In any of the above proposals, the toner returned to the
photosensitive drum has the same polarity as the polarity of the
toner image formed on the photosensitive drum.
However, the above described cleaning method for the intermediate
transfer member has the following weaknesses. That is, in the case
of a cleaning apparatus such as a cleaning blade which mechanically
scrapes the toner on the intermediate transfer member, when the
blade is moved away from the intermediate transfer member, a
portion of the toner having accumulated on the blade portion is
left on the intermediate transfer member, causing a trace of the
blade to appear as a part of the image during the following
printing process. Further, the blade, and the intermediate transfer
member with which the blade is placed in contact, wear out, or
deteriorate, through usage, and as they wear out or deteriorate,
the toner is allowed to escape the cleaning blade, or the transfer
efficiency is reduced by the surface layer deterioration of the
intermediate transfer member.
The cleaning apparatus which employs a fur brush to recover the
residual toner on the intermediate transfer member also has a
fault, that is, being costly due to its large size and
complexity.
In the case of the means for returning the residual toner having
the same polarity as that of the toner image formed on the
photosensitive member from the intermediate transfer member to the
photosensitive member, an additional process is necessary, which
transfers the residual toner from the intermediate transfer member
back to the photosensitive member while a normal transfer process
is not in progress. Therefore, so-called throughput, that is, the
number of recording mediums which can be outputted per unit time,
is reduced.
SUMMARY OF THE INVENTION
Accordingly, it is a principal object of the present invention to
provide an apparatus and method wherein residual toner can be
effectively removed from an intermediate transfer material.

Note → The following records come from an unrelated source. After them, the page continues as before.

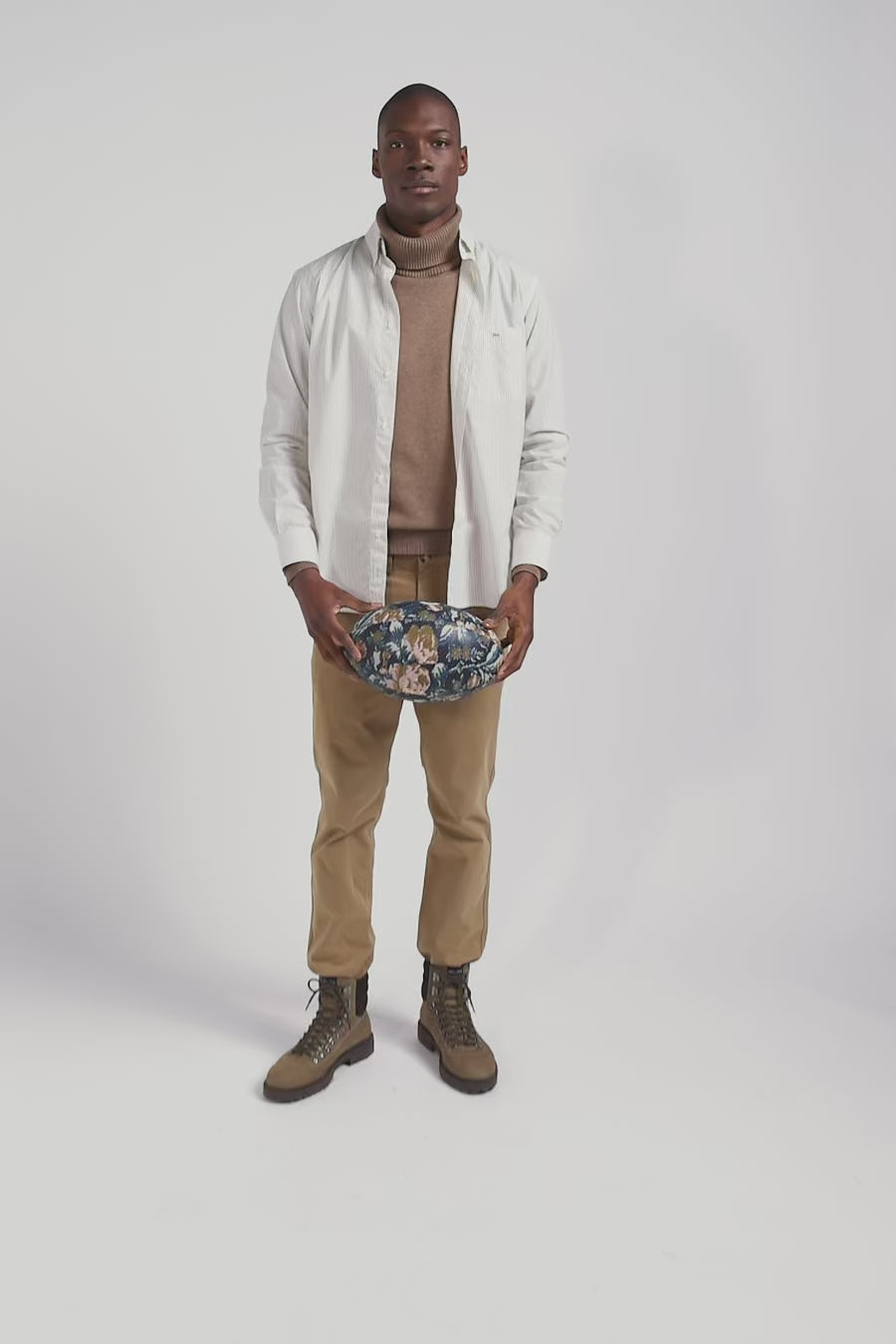 Pantalon chino marron en gabardine de coton stretch coupe Regular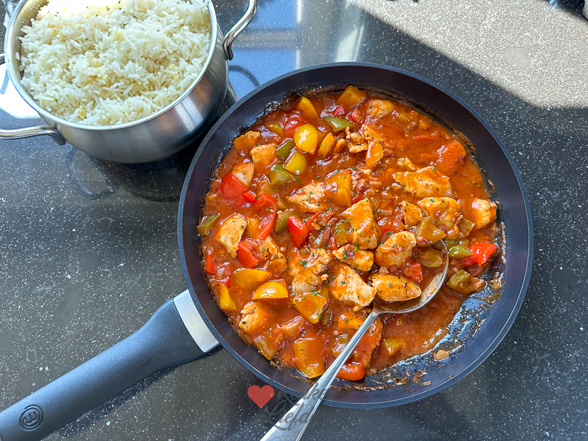- Ik serveerde de kip goulash met rijst en een lepeltje crème fraîche.
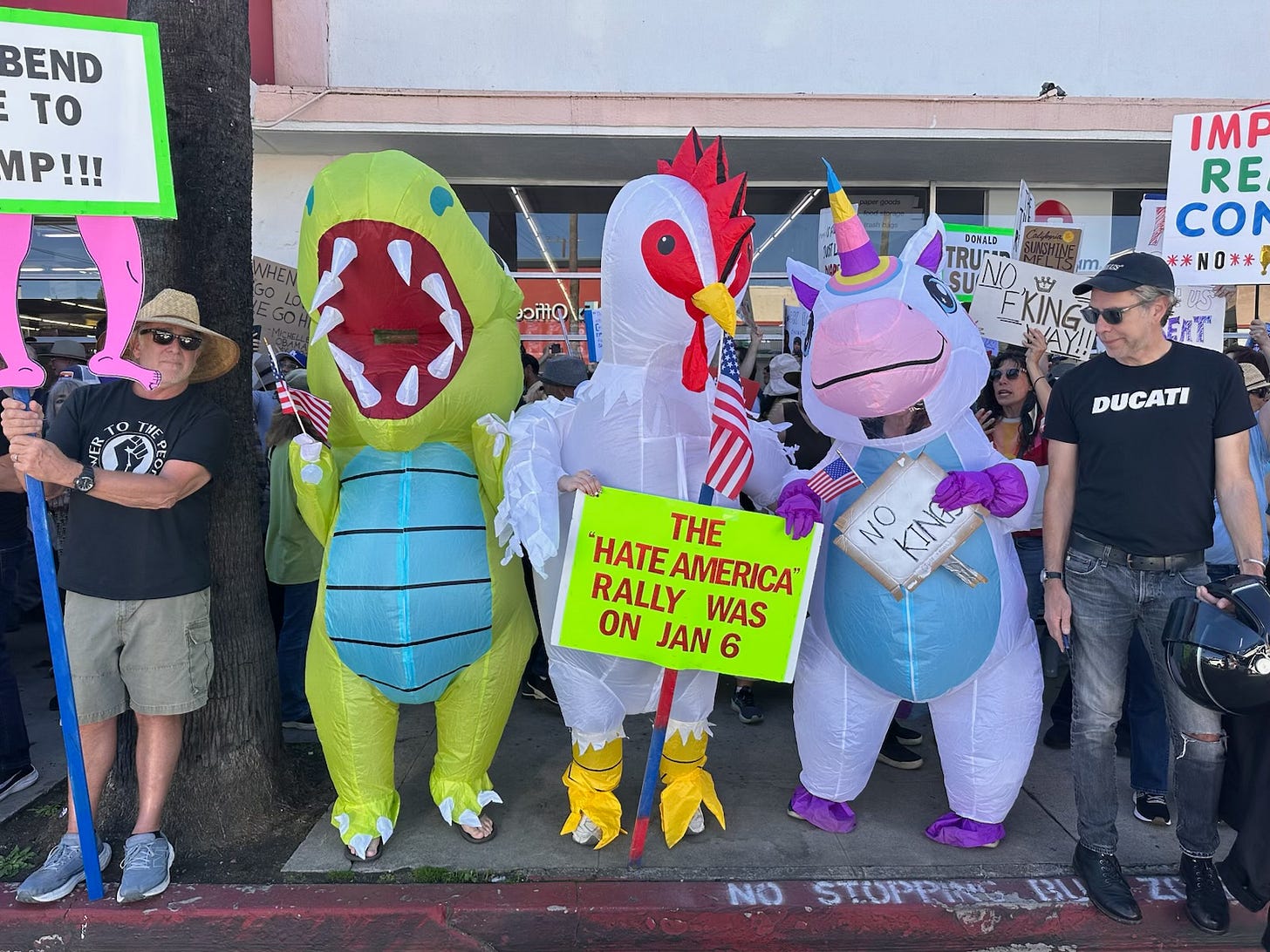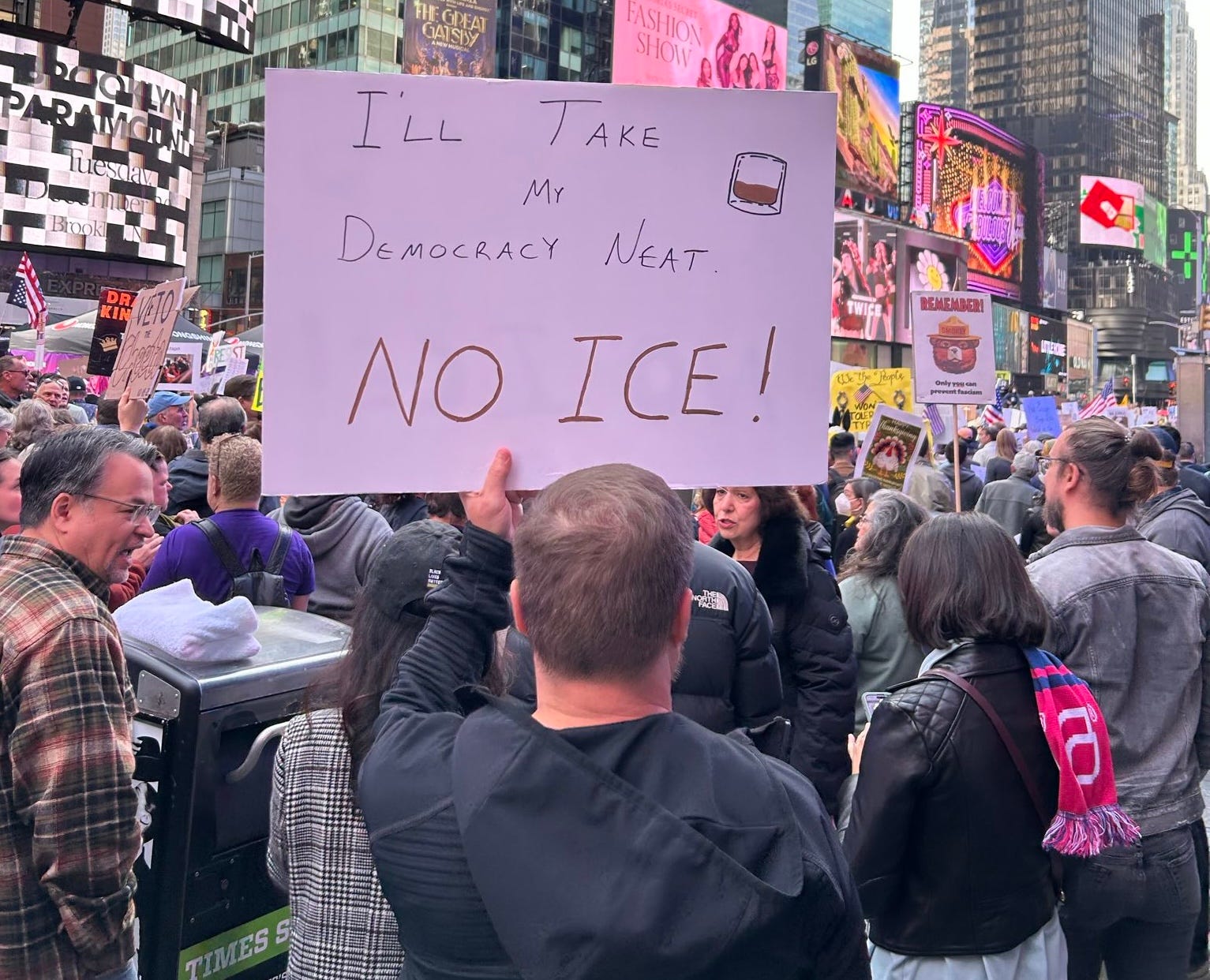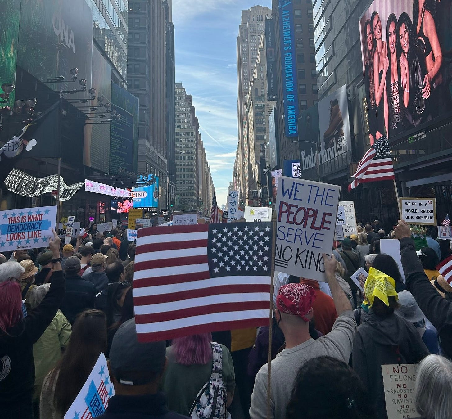 I had to travel home from a conference on Saturday, so I was on a plane during the No Kings march and didn’t make it back to the city in time to join. Luckily, I had cub reporters in both New York and L.A. reporting in.

According to an aspect of the present invention, there is provided
an image forming apparatus, wherein a toner image is transferred
onto a transfer material using an intermediate transfer member, the
image forming apparatus comprising: an image bearing member; toner
image forming means for forming a toner image on an image bearing
member; an intermediate transfer member movable along an endless
path in contact with the image bearing member; bias voltage
application means for applying a bias voltage for transferring the
toner image from the image bearing member onto the intermediate
transfer member at a first transfer position of the intermediate
transfer member; image transfer means for transferring the toner
image from the intermediate transfer member onto the transfer
material at a second transfer position of the intermediate transfer
member; residual toner charging means for charging residual toner
remaining on the intermediate transfer member after image transfer
therefrom, to a polarity opposite from a regular polarity of the
toner to permit the residual toner to transfer back, simultaneously
with a next image transfer at the first transfer position, to the
image bearing member when the residual toner passes through the
first transfer position.
According to another aspect of the present invention, there is
provided an image forming apparatus, wherein a toner image is
transferred onto a transfer material using an intermediate transfer
member, the image forming apparatus comprising: an image bearing
member; toner image forming means for forming a multi-color toner
image on an image bearing member; an intermediate transfer member
movable along an endless path in contact with the image bearing
member; bias voltage application means for applying a bias voltage
for transferring the toner image from the image bearing member onto
the intermediate transfer member at a first transfer position of
the intermediate transfer member, for each color; image transfer
means for transferring the color toner images all at once from the
intermediate transfer member onto the transfer material at a second
transfer position of the intermediate transfer member; residual
toner charging means for charging, after image transfer at the
second transfer position, residual toner remaining on the
intermediate transfer member after image transfer therefrom, to a
polarity opposite from a regular polarity of the toner to permit
the residual toner to transfer back, simultaneously with a next
image transfer at the first transfer position, to the image bearing
member when the residual toner passes through the first transfer
position.
According to a further aspect of the present invention, there is
provided an image forming apparatus, wherein a toner image is
transferred onto a transfer material using an intermediate transfer
member, the image forming apparatus comprising: an image bearing
member which is an electrophotographic photosensitive member;
developing means for forming a toner image on an image bearing
member, using black toner and chromatic toner; an intermediate
transfer member movable along an endless path in contact with the
image bearing member; bias voltage application means for applying a
bias voltage for transferring the toner image from the image
bearing member onto the intermediate transfer member at a first
transfer position of the intermediate transfer member; image
transfer means for transferring the toner image from the
intermediate transfer member onto the transfer material at a second
transfer position of the intermediate transfer member; wherein the
apparatus is operable in a single color mode and in a multi-color
mode; residual toner charging means for charging, after image
transfer at the second transfer position, residual toner remaining
on the intermediate transfer member after image transfer therefrom,
to a polarity opposite from a regular polarity of the toner to
permit the residual toner to transfer back, simultaneously with a
next image transfer at the first transfer position, to the image
bearing member when the residual toner passes through the first
transfer position.
These and other objects, features and advantages of the present
invention will become more apparent upon a consideration of the
following description of the preferred embodiments of the present
invention, taken in conjunction with the accompanying drawings.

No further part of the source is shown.